My colleague John Swinney made an important point about consultation. Tayside's three public partnership groups count for nought if local services are cut in the face of considered and considerable input from local communities. The minister might care to ponder whether there is any value in consultation that leads to no change.
Carolyn Leckie, quite rightly, echoed Unison's point about the need to ensure that the trade unions and staff are fully involved in the process. Indeed, Unison's written submission incorporated the Munich declaration, which highlighted the need for authorities across Europe to strengthen nursing and midwifery by
"Ensuring a nursing and midwifery contribution to decision-making at all levels of policy development and implementation".
Let us hope that there is considerable scope for that in the way forward that the Executive has chosen.
If we do not get the staff on board, we will not be able to deliver for patients or for the public purse.
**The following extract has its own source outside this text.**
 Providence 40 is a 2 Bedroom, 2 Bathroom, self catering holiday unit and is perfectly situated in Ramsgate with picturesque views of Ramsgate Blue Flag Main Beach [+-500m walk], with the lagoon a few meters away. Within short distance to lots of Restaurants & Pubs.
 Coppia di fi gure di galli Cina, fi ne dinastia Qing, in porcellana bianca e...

Staff must end up in a position in which they are given individual freedom to make decisions that are in the interests of the service and in the interests of patients. Health service staff want to help patients. That is the fuel in their tank. That is the engine that drives them.
Let me turn to finance—I see that the Tories nearly woke up at the mention of that word. Paragraph 33 of the stage 1 report states:
"The Health Committee shares the concerns of the Finance Committee insofar as we believe the cost of intervention has been considerably underestimated".
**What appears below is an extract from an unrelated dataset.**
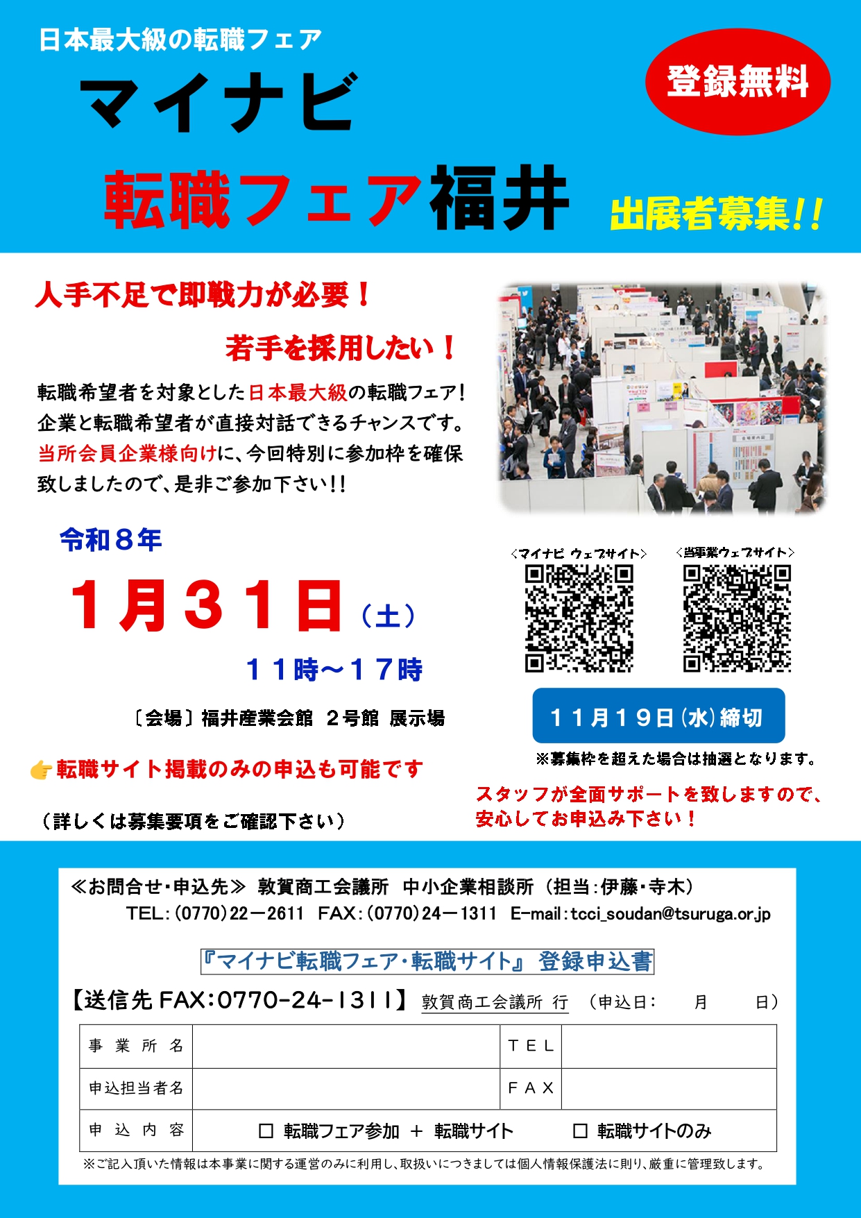 マイナビ転職フェア福井参加企業を募集します企業と転職希望者が直接対話できる合同説明会で、会社説明や面談が行えます。 -
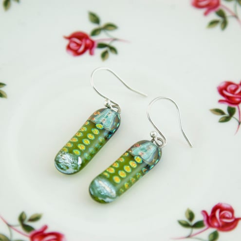 Kiln fused glass has a natural fluid quality and no two pieces are the same. Earrings are created as a matching set but there will always be slight differences between the two which I believe is an inherent part of the material’s character.

We should hear more about that. Paragraph 62 states:
"The Committee would not wish to see the initial phase of change compromised in any way due to a lack of funding ... The Committee seeks further reassurance from the Minister".
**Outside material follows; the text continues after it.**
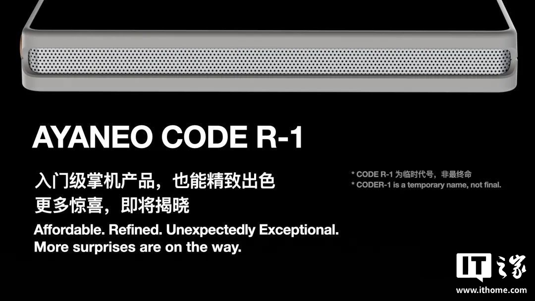 从表述来看,Pocket AIR Mini 应该就是 AYANEO 今年七月末在 2025 – 2026 战略分享会上提到的临时代号为 CODE R-1 的产品,当时 AYANEO 宣称这款掌机是品牌入门级产品线第一款产品,在设计、性能和系统体验领先同级。
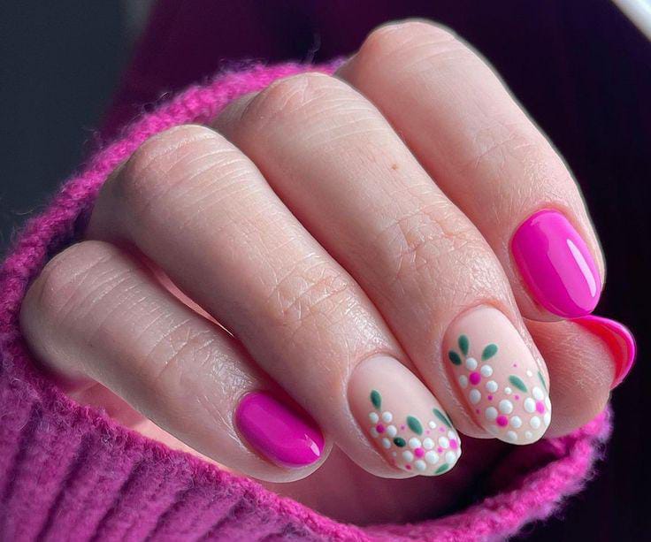 Bright glossy pink nails are paired with soft nude accents decorated with dotted floral-like patterns and tiny green leaves. The playful colors give the design a cheerful and lively spring vibe in April.

I hope that the minister will be able to give us that reassurance.
I also highlight paragraph 65. Mr Rumbles signed up to that paragraph in its entirety, so I note his comments about the Tory member of the committee. Paragraph 65 states:
"The Health Committee endorses the view of the Finance Committee. We are not convinced that no additional funding will be required to increase public involvement."
The financial memorandum, which was considered by the Finance Committee, sums up the many changes that the bill will make to the NHS. The Finance Committee's report on the financial memorandum stated that
"it was regrettable that further information could not be provided"
about the costs of the bill, so there is clearly an issue about costs. On the costs of using the powers of intervention, Argyll and Clyde NHS Board thought that the cost per intervention would be £200,000, whereas the Executive says that it would be £85,000. Quite a lot of work is obviously needed on the costs associated with the bill. That is why the Finance Committee said that the work that the Executive had done did not provide adequate information about costs.
Even the Subordinate Legislation Committee, from which we seldom hear very much, had quite a lot to say about the powers that the Scottish ministers will retain for themselves. That committee expressed some concern and unease about the four significant powers that ministers will retain.
I must respond to Brian Monteith, who referred to Eric Blair. Brian Monteith is certainly not a Winston Smith, but far less is he a Winston Churchill. He has neither the gravitas, the dedication or the insight.
It is 40 years since I worked in the health service. I do not want a health service that is driven by an economic model in which the purchase of health care by money, however obtained, delivers dividends to people who provide it. All of us, apart from the Tories, want a health service that is driven by people's health needs and which delivers a dividend of good health and protection from illness to all people in our society, whatever their condition.